# Dentist tomorrow



## Hezbez (Feb 7, 2009)

I have an appointment for a filling tomorrow.

Funny thing is I've never been scared of the dentist's before (despite waking up in the middle of 4 extractions when I was young and had been given gas), but I'm starting to feel a wee bit anxious about tomorrow's appointment.

Dunno why, maybe it's just because it's been a few years since I've needed anything done.


----------



## tony645 (Sep 26, 2010)

I`ve always hated the dentists, always involves agony, found out years ago I have a high ph level in my blood which counteracts the novocane. Good side is I never get bitten by mosquito`s.


----------



## Techno100 (May 8, 2010)

I have a very very good lady dentist who knows her job! Lucky me after so many chancers in the past. £16 per month and worth every penny 8) No pain


----------



## barryd (May 9, 2008)

I've always hated dentists. When I was 12 one left me with a trapped nerve after a filling an I was in agony for 24 hours.

About 20 Yeats ago a dentist pulled out the wrong tooth!

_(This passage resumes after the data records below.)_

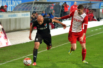 04.03.3016 xfHx Offenbach, Sparda-Bank-Hessen-Stadion , Regionalliga S?d, Offenbacher Kickers (OFC) OFC gegen TSV Steinbach Trainer Thomas Brdaric (TSV Steinbach) gegen Sargis Adamyan (TSV Steinbach ******* Foto: Peter Hartenfelser
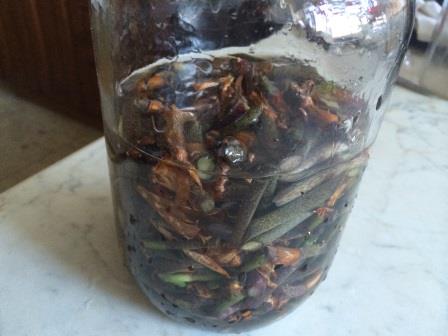 - Chop the green parts of the plant and pour 1 liter of boiling water.
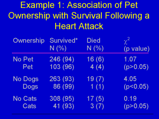 From: Pet Ownership, Social Support, and One-Year Survival After Acute Myocardial Infarction in the Cardiac Arrhythmia Suppression Trial. Friedmann E, Thomas SA. 1995. Am J Cardiol 76:1213-1217. - Significance: These data confirm and extend previous findings relating dog ownership to increased survival among patients with myocardial infarction, while controlling for cat ownership, physiologic status, and other psychosocial factors, including social support. - It was previously suggested that healthier people are more likely to own pets, thus confounding the relationship between pet ownership and survival following a heart attack. However, in this study, there is no evidence that differences in physiologic status between dog owners and non-dog owners were responsible for the increased survival among dog owners. The physiologic profile of dog owners was comparable to that of non-dog owners. |

However. Two years ago in dinard, France I needed treating for agonizing toothache. I found a superb dentist who's equipment and procedures made the uk look diickensian. I needed deep root canal work over two days. I was very aprehensive but never felt a thing. Even the injection was painless. Every time I have Anthony done in the uk despite injections it hurts. Not in France though?


----------



## raynipper (Aug 4, 2008)

I have a local French lady dentist here in Normandy. 
She is the most petite and gentle dentist we have ever come across. Took a tooth out for my wife and she never felt a thing. Couple of times when only small work or attention has waived the charge. 

I have an appointment in three weeks and have no anxiety at all unlike many of my UK dentists.

Ray.


----------



## busterbears (Sep 4, 2010)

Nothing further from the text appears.